It’s July 19th. July 19th, people! That means I’m more than half-way through my Sugarless Summer! I can hardly believe it myself – I truly doubted whether I would make it more than a week on this adventure.
Yesterday was my husband’s birthday. I had told myself from the start that if I wished to have cake on his birthday, I could. I baked the cake, made the frosting, frosted the cake, cut the cake, served the cake, and…didn’t eat the cake.
Don’t get me wrong – I indulged in junk food yesterday on his birthday. I ate a McD’s egg and cheese biscuit for breakfast, had a can of Pringles for lunch (yes, you read that right), and ate a hamburger with fries when we went out for dinner. Score yesterday: Vegetables, 0, Junk Food 50 billion.

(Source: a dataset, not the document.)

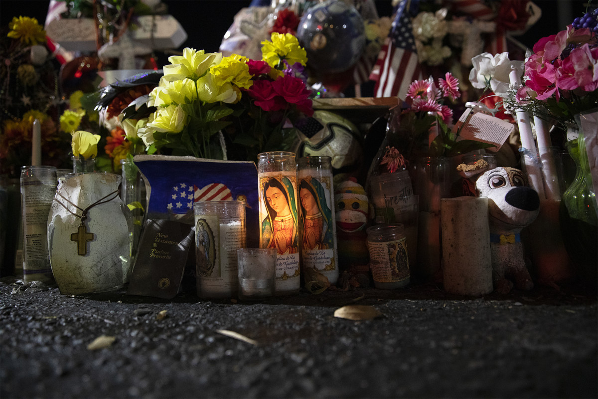 A memorial in El Paso, Texas, is seen near the site of the Aug. 3, 2019, Walmart mass shooting during a visit by U.S. bishops and others Sept. 26. The visit to the memorial came during a pastoral encounter by U.S. bishops with migrants at the border. The Sept. 23-27 pastoral visit, sponsored by various offices of the U.S. Conference of Catholic Bishops and other national organizations, aimed to highlight the church’s ministry to migrants, the border conditions and immigration laws affecting them, and their material and spiritual needs. (CNS photo/Tyler Orsburn)
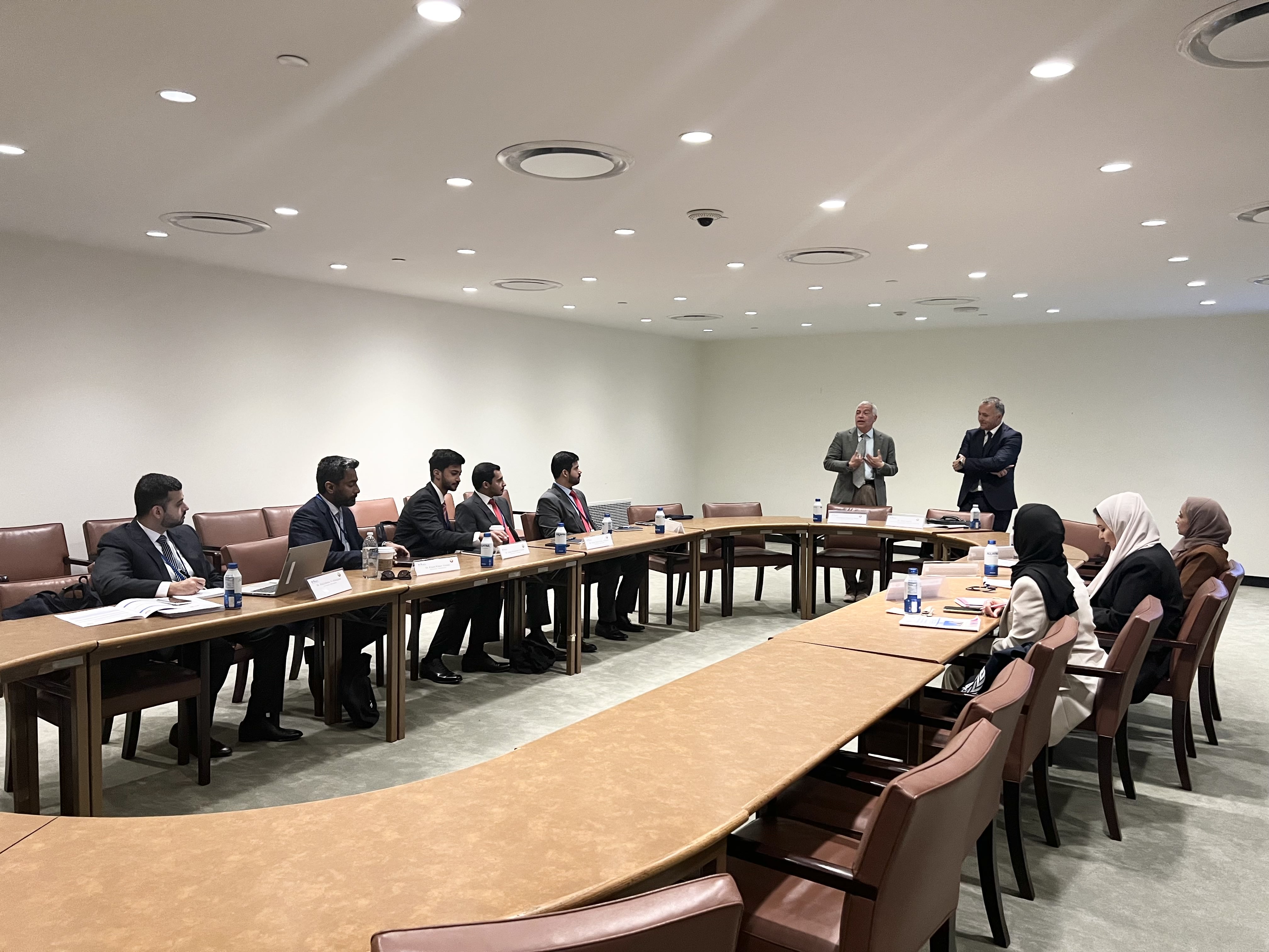 After attending the Briefing for New Delegates to the General Assembly, the following day of the training kicked off at 10:00 am (EST). Mr. Marco Suazo, Head of the UNITAR New York Office, welcomed the Qatari delegates and Dr. Angel Angelov, Former Deputy Representative of Bulgaria to the United Nations and Consul General. Dr. Angelov spoke about the United Nations System as a whole, discussing the United Nations Principal Organs. He talked about all committees (first to sixth) explaining each committee’s mission and work responsibilities. Moving forward, he discussed the two types of players, the States and Groups providing examples during the discussion. Dr. Angelov also discussed the permanent and non-permanent members as well as the Arab swing seat. The end of the session was followed by a Q&A.

But I didn’t eat the cake. It was a decision I made on my own. I just didn’t want to risk it. The dang thing smelled absolutely delicious – and that’s what worried me. Could I really eat just ONE piece of cake and not touch it again? I doubted it.
The most wonderful thing about NOT eating that cake is I didn’t even do it just to stay true to this bet with myself, to this sugar-free dare. I did it because I honestly feel better not eating the sugared things. I feel more even-keeled (please note the MORE; my family would agree I’m still, um, a bit on the moody side), more in control, and just better about myself when I’m not in the clutches of the Sugar Devil.
Still, this is not easy. Today I made cornbread from a mix – a mix I bought without checking the ingredients, apparently, as just as I was about to indulge in a piece, I looked at the box and discovered, to my chagrin, that sugar was the second ingredient, and that there were double-digit grams of sugar per (puny) serving. The cornbread was out.
Between that and the cake yesterday, my willpower is feeling quite low, and the sense of deprivation is clawing at my belly today. So it’s possible, it’s possible I might order a pizza tonight.
Y’all can give me grace on that, right? Because I didn’t eat the blasted cake, and part of me really, really wanted to.